Splicing is a unique feature of eukaryotic genomes and this, in part, explains why many eukaryotic organisms, including humans, have a large genome size (relatively little of which is actually for coding). It also explains how humans can synthesize ~90,000 different proteins when our genome only encodes for ~25,000 genes! Differential splicing provides a means to increase the repertoire of proteins that a cell can synthesize, allowing a multicellular organism to generate tissue-specific versions of proteins.

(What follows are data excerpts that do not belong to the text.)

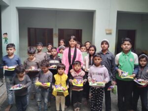 इस अवसर पर मुहम्मद शमसुद्दीन शम्स एवं उनकी पुत्री अक्सा फातिमा ने अनाथ आश्रम के सभी बच्चों को कॉपी, रबर, पेंसिल, शार्पनर, बिस्किट, कुरकुरे, केले सहित अन्य सामग्री वितरित की।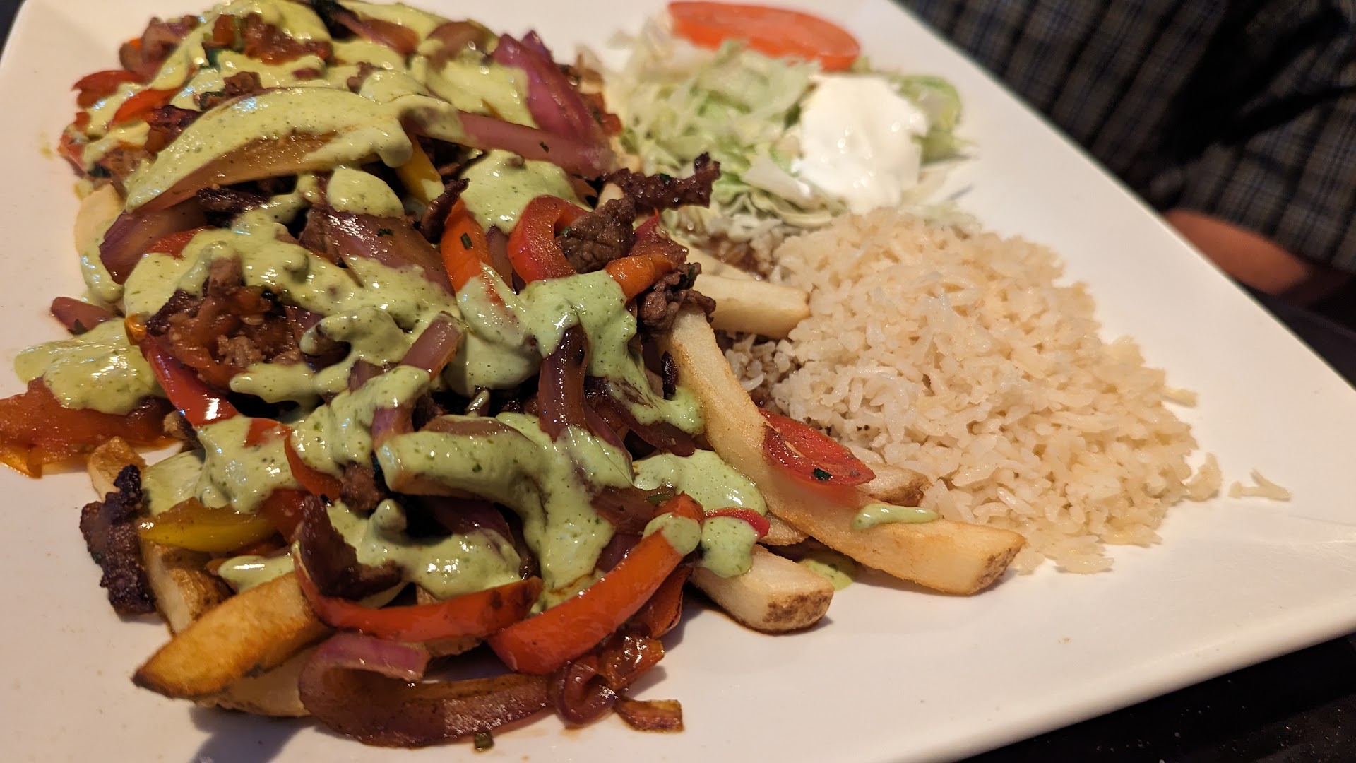The food: It was delicious and reasonably priced. My wife and I both ordered the California Burrito and the portion size was very very generous. Everything put into the plate was fresh. The chicken and beef were seared to perfection and perfectly seasoned. The French fries were perfectly fried. The cheese poured over the burrito made the shell soft and it almost melted in your mouth. The sour cream was fresh and the lettuce was crisp. The pico de gallo was obviously freshly made in house as the quality was top notch.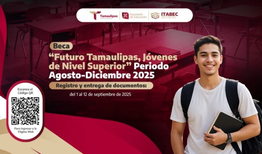 El Gobierno del Estado de Tamaulipas a través de la Secretaría de Educación y el Instituto Tamaulipeco de Becas, Estímulos y Créditos Educativos invitan a tramitar la Beca “Futuro Tamaulipas, Jóvenes de Nivel Superior”, del periodo Agosto-Diciembre 2025.

Nuclear Export of the Mature mRNA

The mature mRNA can only leave the nucleus if it has been capped at the 5' end, polyadenylated and splicing is complete. Specific proteins bind both the 5' cap and the poly-A tail and mark the mRNA for transport through the nuclear pore. Once in the cytoplasm, the mRNA will associate with the ribosome for translation. The mRNA will eventually be degraded. The lifetime of different mRNAs varies from minutes to hours.


Transcription is the process of copying DNA into mRNA, catalyzed by the enzyme RNA polymerase. In prokaryotic cells there is a single RNA polymerase, but in eukaryotic cells there are several; RNA polymerase II catalyzes the synthesis of mRNA. In prokaryotes and eukaryotes transcription is initiated at the promoter region, where RNA polymerase initially binds upstream of the start of transcription. In prokaryotic cells, RNA polymerase plus the sigma factor are sufficient for the precise binding of the polymerase to the sequences at positions -35 and -10 of the promoter. Transcription continues until a termination signal in the DNA is transcribed and the RNA structure assumed by this sequence signals the dissociation of the polymerase from the DNA. Eukaryotic transcription is similar yet has several unique features. First, transcription initiation is much more complex in a eukaryotic nucleus. General transcription factors are required to bind the promoter, to recruit RNA polymerase II, and to modify RNA polymerase to start transcription. Second, the mRNA is modified at both the 5' and 3' ends in a template-independent fashion. At the 5' end, the mRNA is capped by the addition of a methylated guanine nucleotide. At the 3' end, the termination signal in the mRNA is cleaved and the mRNA is polyadenylated to add between 100-250 adenine nucleotides. Third, eukaryotic mRNA is spliced to remove the introns and join the exons in the mature mRNA. Cleavage of introns is mediated through an intramolecular cleavage, factilitated by snRNPs, resulting in the distinct intron lariat structure. Alternative splicing creates different mRNAs by selective inclusion of exons; often, this is to create tissue-specific mRNAs. Splicing of the pre-mRNA is mediated by the snRNAs of the spliceosome. Only the capped, spliced and polyadenylated mRNAs are exported from the nucleus into the cytoplasm and used for translation.